Authors: He, Daixun1,2 (AUTHOR), Chen, Huayu1,2 (AUTHOR), Chen, Rui1,2 (AUTHOR) cechenrui@hit.edu.cn, Liu, Leilei1,2 (AUTHOR), Rattan, Bharat1,2 (AUTHOR), Liang, Zizhao1,2 (AUTHOR)
Source: Environmental Earth Sciences. May2026, Vol. 85 Issue 11, p1-18. 18p.
Subject Terms: *Ensemble learning, *Economic impact analysis, *Risk assessment, *Geology databases, *Landslide prediction, *Data integration
Geographic Terms: China
Abstract: Geological disasters have led to significant economic losses and casualties in South China.
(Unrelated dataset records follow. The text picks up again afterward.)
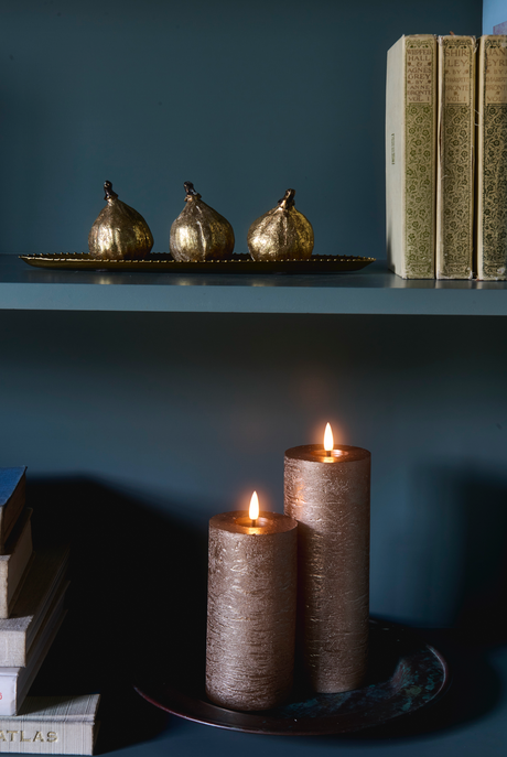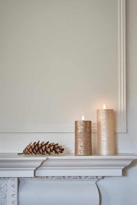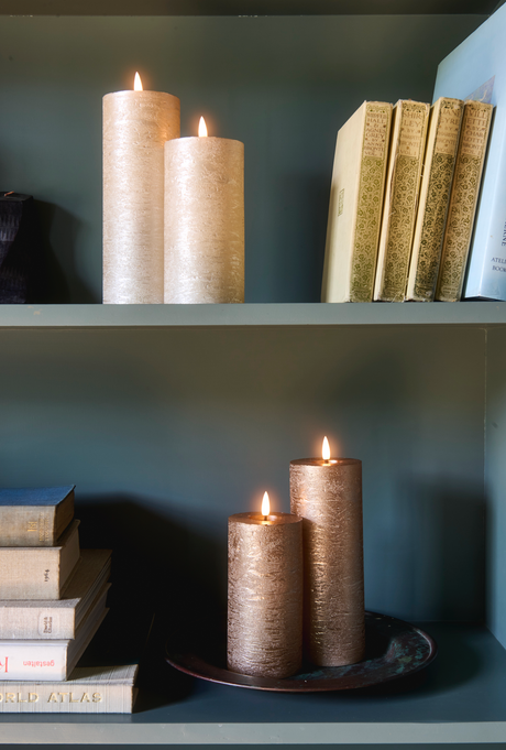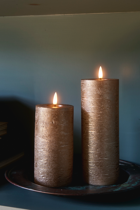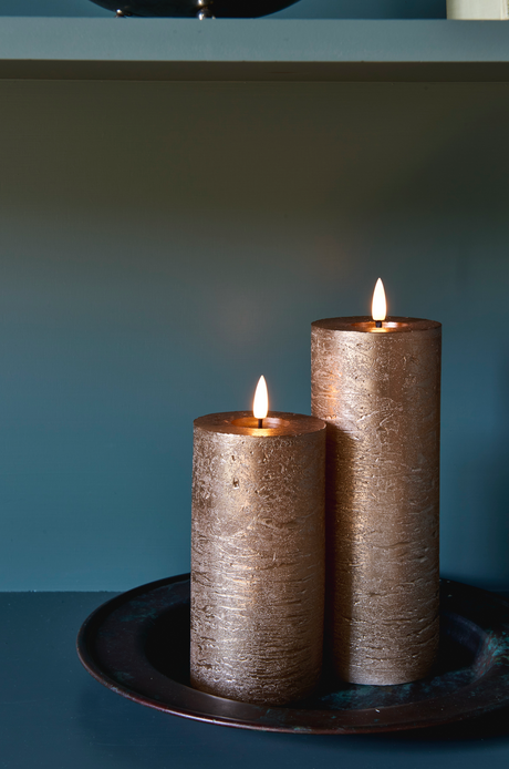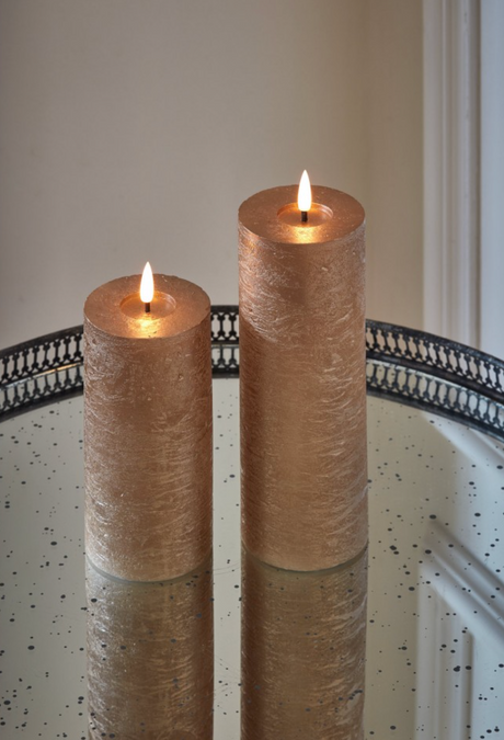 LED Pillar Metallic Candles Dark Champagne ( Set Of 2)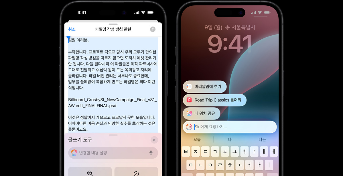 Apple Intelligence가 제공하는 역량을 통해 올해엔 Siri의 새 시대가 열립니다. 기본 탑재된 다양한 지능형 기능들로 더욱 유용해진 Siri와 함께라면 일상 속 많은 일을 가뿐히 해낼 수 있죠.*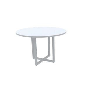 Mesa de Reunião Redonda 110 x 110 cm Pé Tubular PE25 em MDP Branca com Base Branca - Branco
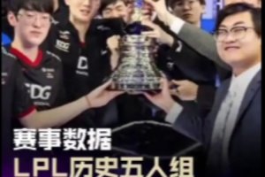 体育资讯8月21日讯 英雄联盟赛事发布数据,LPL历史五人组出场数TOP10:19 FPX第三,21 EDG第一。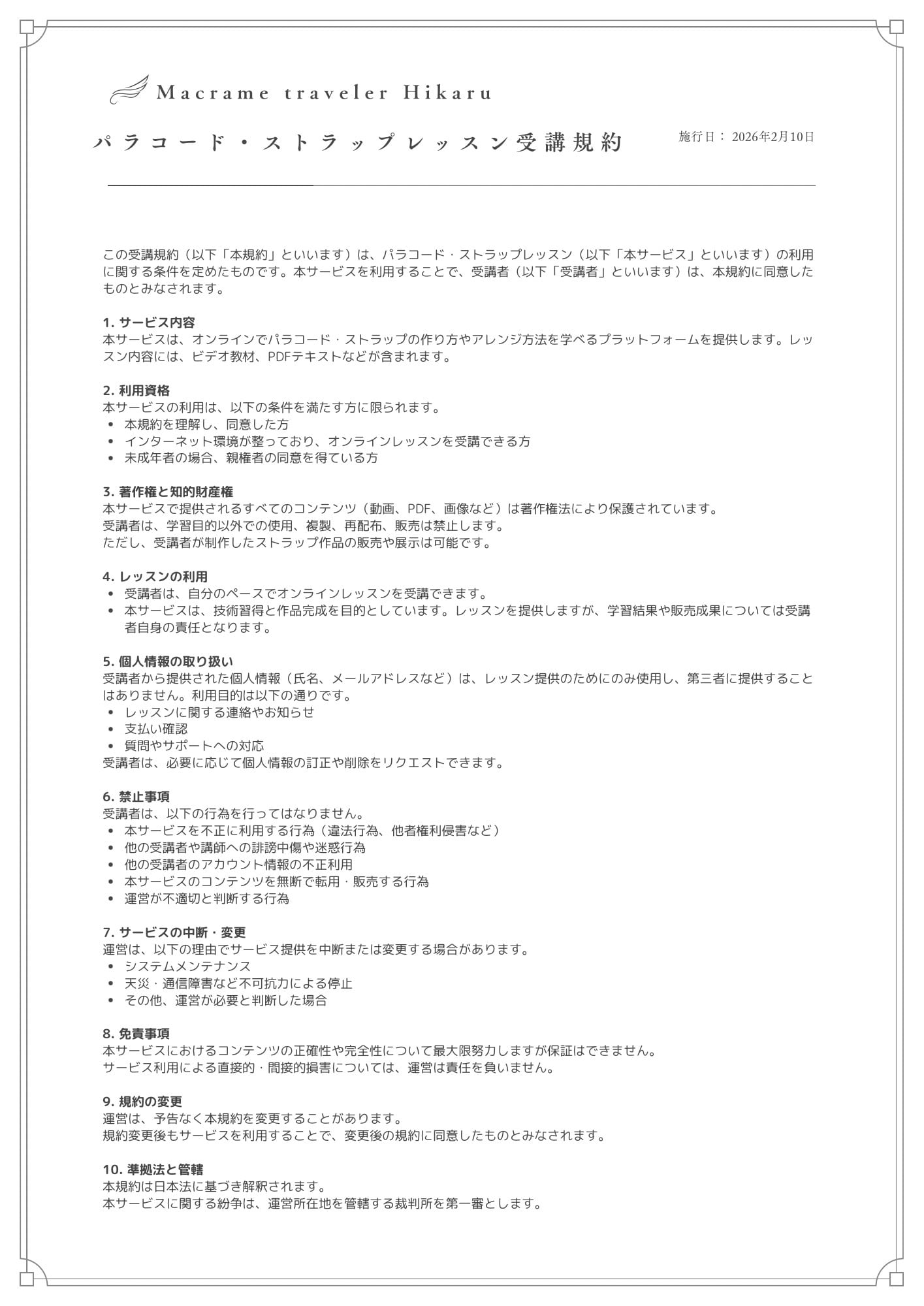パラコードレッスン受講規約 | Macrame traveler Hikaru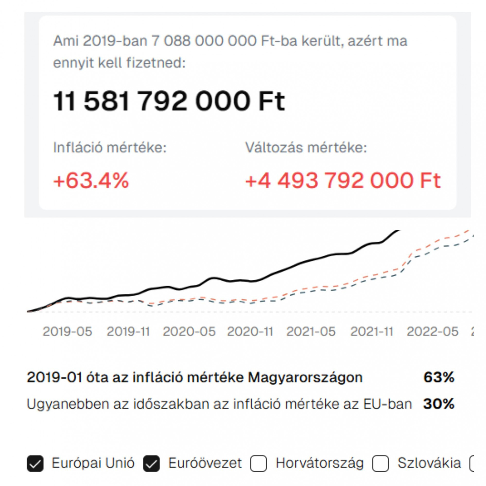 Ehhez egy olyan ábrát mellékelt, ami szerint a 2019-es, 7 milliárd 88 millió forintos adóbevétel az inflációval súlyozva ma 11 milliárd 582 millió forintnak felelne meg.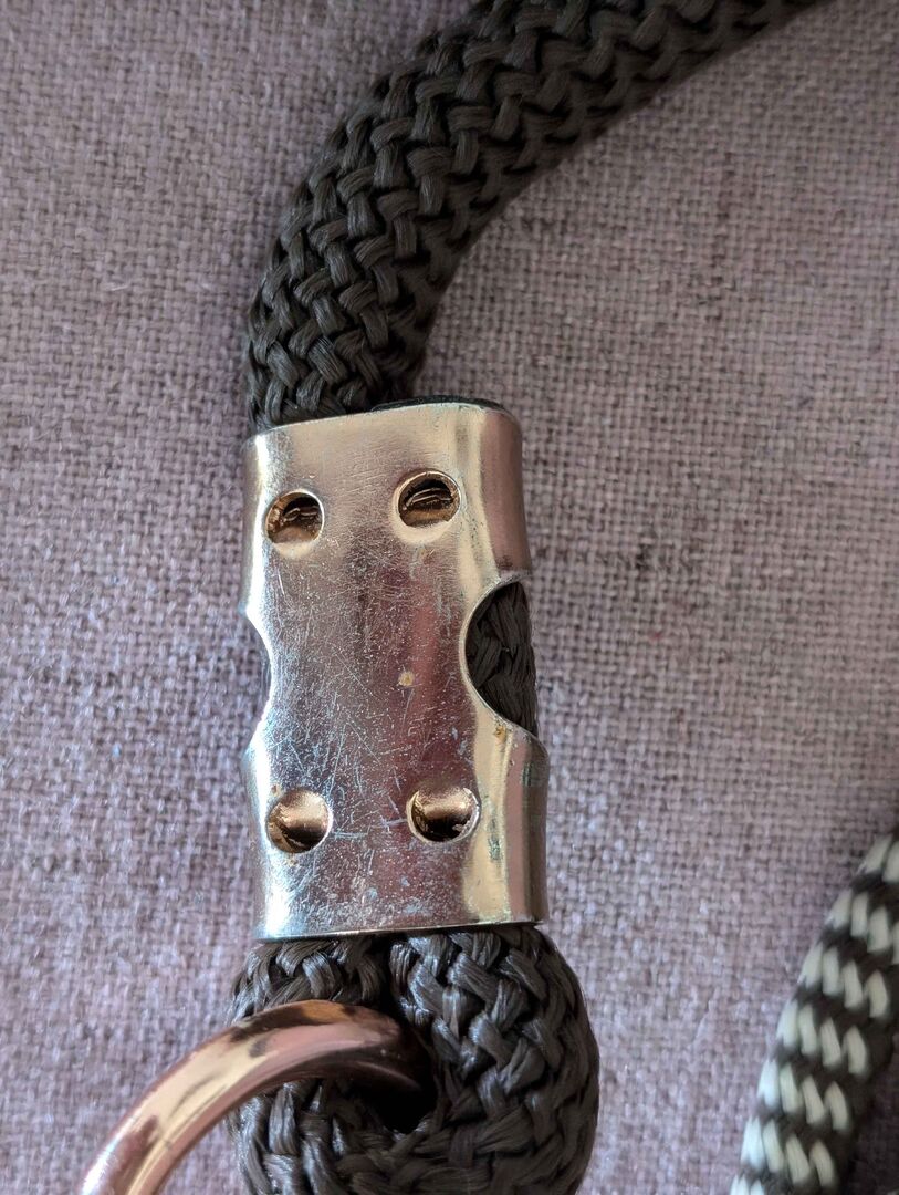 Knotenhalfter und Strick in braun. Das Knotenhalfter ist individuell einstellbar und der Strick ist extralang. Gehören ursprünglich nicht zusammen, brauche beides jedoch nicht und verkaufe sie deswegen zusammen. Der Strick hat einen Rosé Karabiner und ein schwarzes Endstück. Beides in sehr gutem Zustand.

However, existing indicators for predicting geological disaster risk are inconsistent and generally lack physical meanings. This study aims to develop an intuitive and reliable geological disaster prediction method by using direct economic loss as the output indicator to establish a geological disaster economic loss prediction (GELP) model. First, multi-source data, including exposure, geological disaster susceptibility, and disaster-causing factors, are integrated to create a GELP database using data related to six types of geological disasters, i.e., landslides, rockfalls, debris flows, ground fissures, land subsidence, and ground collapse. Next, multiple GELP models are developed using three ensemble learning algorithms, including categorical boosting (CatBoost), Stacked Generalization (Stacking) and Extreme Gradient Boosting (XGBoost), and two single machine learning algorithms. The performance is evaluated using R-squared (R2), Root Mean Squared Error (RMSE), and Mean Absolute Error (MAE), whereas their reliability is validated through geological disaster cases. The results show that integrating multi-source data with ensemble machine learning models can produce a more reliable geological disaster economic loss prediction model, as the CatBoost model performs the best overall, achieving an R2 of 0.67. Additionally, the CatBoost model demonstrates high accuracy at a county scale. When the losses are smaller, the models' predictions are closer to the actual values. Furthermore, integrating historical data from multiple geological disasters not only enhances the models' applicability but also enlarges the scale of training datasets, allowing for more thorough training, which significantly improves performance. These findings offer valuable insights for developing reliable GELP models. [ABSTRACT FROM AUTHOR]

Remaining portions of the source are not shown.